Starting the in the last 2 days, I have been getting multiple “system-generated notification sent by Gmail’s mail server when an email you attempted to send could not be delivered to its intended recipient” from (supposedly) mailer-daemon@googlemail.com.
All of my mail from all of my accounts are forwarded to my private Protonmail accounts... I haven’t used google-mail in years.
This appears to be another type of spoofing/phishing, and you should NOT click on anything contained (or even open) those mails, as they can then get your personal information.
(I now have my email filter to send all of these straight to my spam folder.)
I am not saying this happened to you, but it is a possibility, and is now, always, a future possibility that everyone needs to be aware of.
Burned once with that...never again.
I have the debit cards for both my banks set to send me an email for any charge over 1$. My phone is set to give me a special notification tone when a charge comes through.
I also use Privacy.com virtual cards for all recurring charges like insurance, subscriptions, etc.
I’d get out of San Antonio.
This has happened to me a few times.
Those addresses and a police report need to go the State Attorney General's office.

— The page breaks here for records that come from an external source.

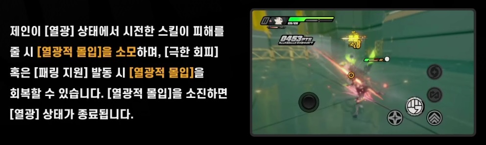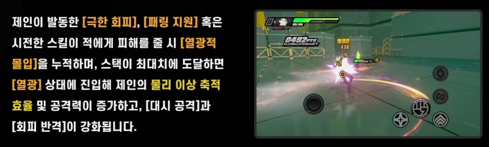 - 제인이 열광 상태에서 시전한 스킬이 피해를 줄 시 열광적 몰입을 소모하며, 극한 회피 혹은 패링 지원을 발동할 시 열광적 몰입을 회복할 수 있다.
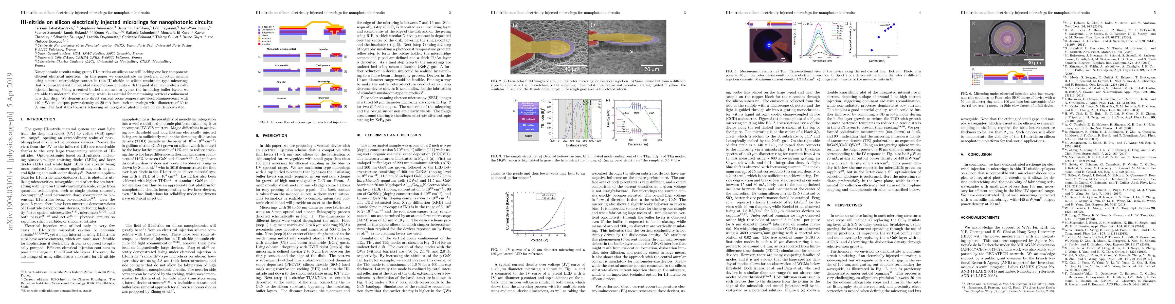 This paper presents a method for efficient electrical injection in III-nitride on silicon microrings via a metal microbridge contact, enabling room-temperature electroluminescence with 440 mW/cm² output power density. The approach uses a buried n-contact to maintain vertical confinement and is a step towards integrated nanophotonic circuits.
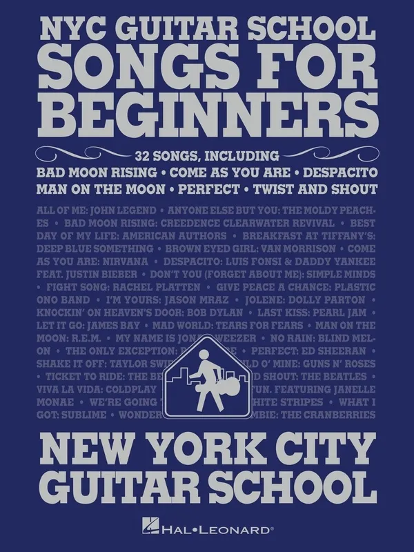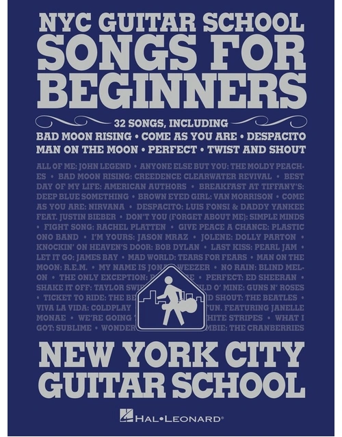 The ultimate first songbook for a brand new guitarist. Beginning guitarists can build their skills step-by-step with 32 of their favorites with this songbook from the acclaimed New York City Guitar School. Includes: Bad Moon Rising (Creedence Clearwater Revival) • Come As You Are (Nirvana) • Despacito (Luis Fonsi & Daddy Yankee) • I'm Yours (Jason Mraz) • Jolene (Dolly Parton) • Man on the Moon (R.E.M.) • Perfect (Ed Sheeran) • Sweet Child O' Mine (Guns N' Roses) • Twist and Shout (The Beatles) • Viva La Vida (Coldplay) • What I Got (Sublime) • and more.

If the criminals are doing it to you, they're doing it to others and you know their pickup point.
They don't likely live there but live nearby and "steal" the packages from the porches they get the items delivered to.
Leaving Amazon boxes at those addresses with actual items in them but also hidden trackers may expose an entire network of thieves.
I want to thank everyone who contributed advise and useful links in this thread. It’s getting late now, and I can’t stay up any longer. I’ll definitely be making use of this information in the morning!
BKMK
Never, ever use a debit card. I use either a credit card or cash. And I pay my credit cards in full each month. A debit card leaves your bank account vulnerable. Fraudulent use of your credit card has a $50 limit per fraudulent charge, which I’ve never been charged. I had a friend have his entire bank account wiped out due to debit card fraud. Sure, he eventually got his money back, but his account was unusable until that occurred.
I’ve had Life Lock for about 18+ years now. They’ve caught fraud.. ID theft for me a couple times and one was my SS number that turned out to be an error on a loan application not an actual fraud.
I only use AMEX, no other CC and it’s paid monthly in full, never a balance. They’ve caught fraud several times and I never pay a dime.
RFID skimmers are used all the time by criminals. They get close enough they can scan you CC in your wallet, pocketbook etc. Use an RFID protectant cover for your CC.
Change email passwords often 16 or more random characters.
Put credit freezes on all your credit bureau accounts and leave them there.
Never use a debit card for daily transactions...that’s a direct line to your bank account.
There’s a lot you can do but nothing is perfect.
Whenever you buy something on the internet, DO NOT let that site save your credit card info for future purchases. Also, use well-known secure sites to do your online shopping like Amazon or Walmart. You can buy just about everything on those sites.
I know it's a pain, but use dual authentication to log into your most critical sites like your bank. Having to also text a code back on your cell along with entering your password is impossible to hack.
You might be able to ‘turn off’ your husband’s debit card if you aren’t going to use it. I know I can turn off my credit and debit cards. —Anyway good luck with getting this under control. You’re getting some really good advice.
My Girl friend had a santander account and got a card she never used. A bunch of charges showed up from CA. I told her to switch banks. she didn’t but reported the card. Some of this is inside jobs. Santander (spanish company sucks by the way) You need a phone to take money out of the bank.